YOUR TASK: Taking the entries below, transcribe only the lines starting with the one with "Ledvance Superior Classic" and going on through the one with "Featuring a blue", exactly as written, without the pictures.

DATA:
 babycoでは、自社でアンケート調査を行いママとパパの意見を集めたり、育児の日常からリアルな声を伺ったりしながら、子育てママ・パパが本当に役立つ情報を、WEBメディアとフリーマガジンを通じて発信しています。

...

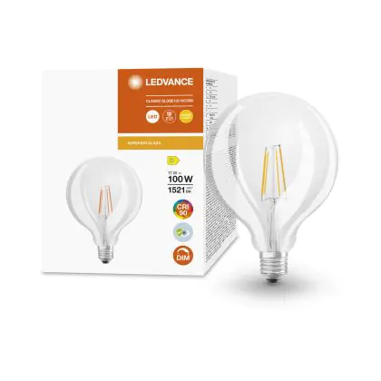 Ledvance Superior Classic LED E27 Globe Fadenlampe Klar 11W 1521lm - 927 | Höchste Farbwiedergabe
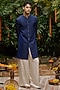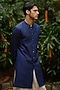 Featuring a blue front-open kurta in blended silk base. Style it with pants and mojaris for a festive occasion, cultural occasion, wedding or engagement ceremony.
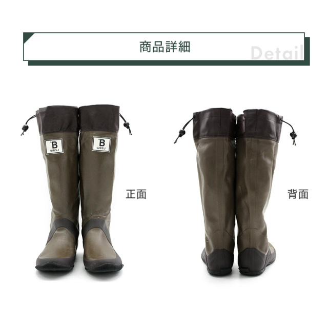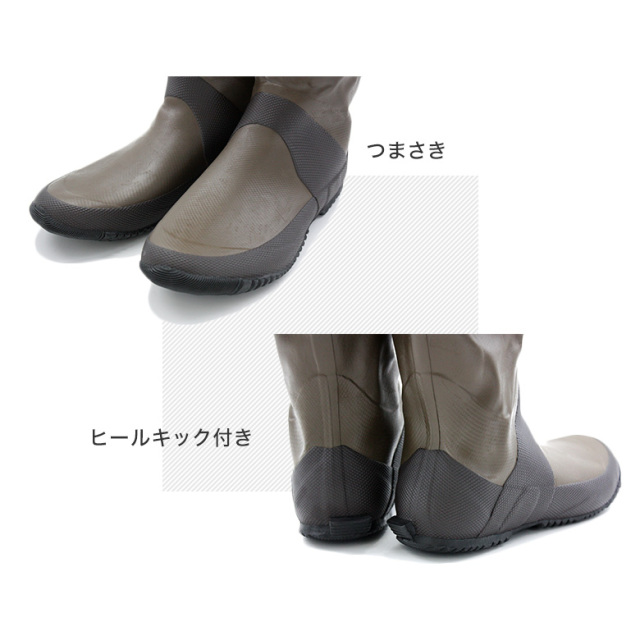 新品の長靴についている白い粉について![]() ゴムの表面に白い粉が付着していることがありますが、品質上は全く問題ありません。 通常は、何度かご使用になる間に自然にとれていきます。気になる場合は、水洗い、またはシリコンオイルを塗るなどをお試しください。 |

WRITTEN ANSWER:
 Ledvance Superior Classic LED E27 Globe Fadenlampe Klar 11W 1521lm - 927 | Höchste Farbwiedergabe
 Featuring a blue front-open kurta in blended silk base. Style it with pants and mojaris for a festive occasion, cultural occasion, wedding or engagement ceremony.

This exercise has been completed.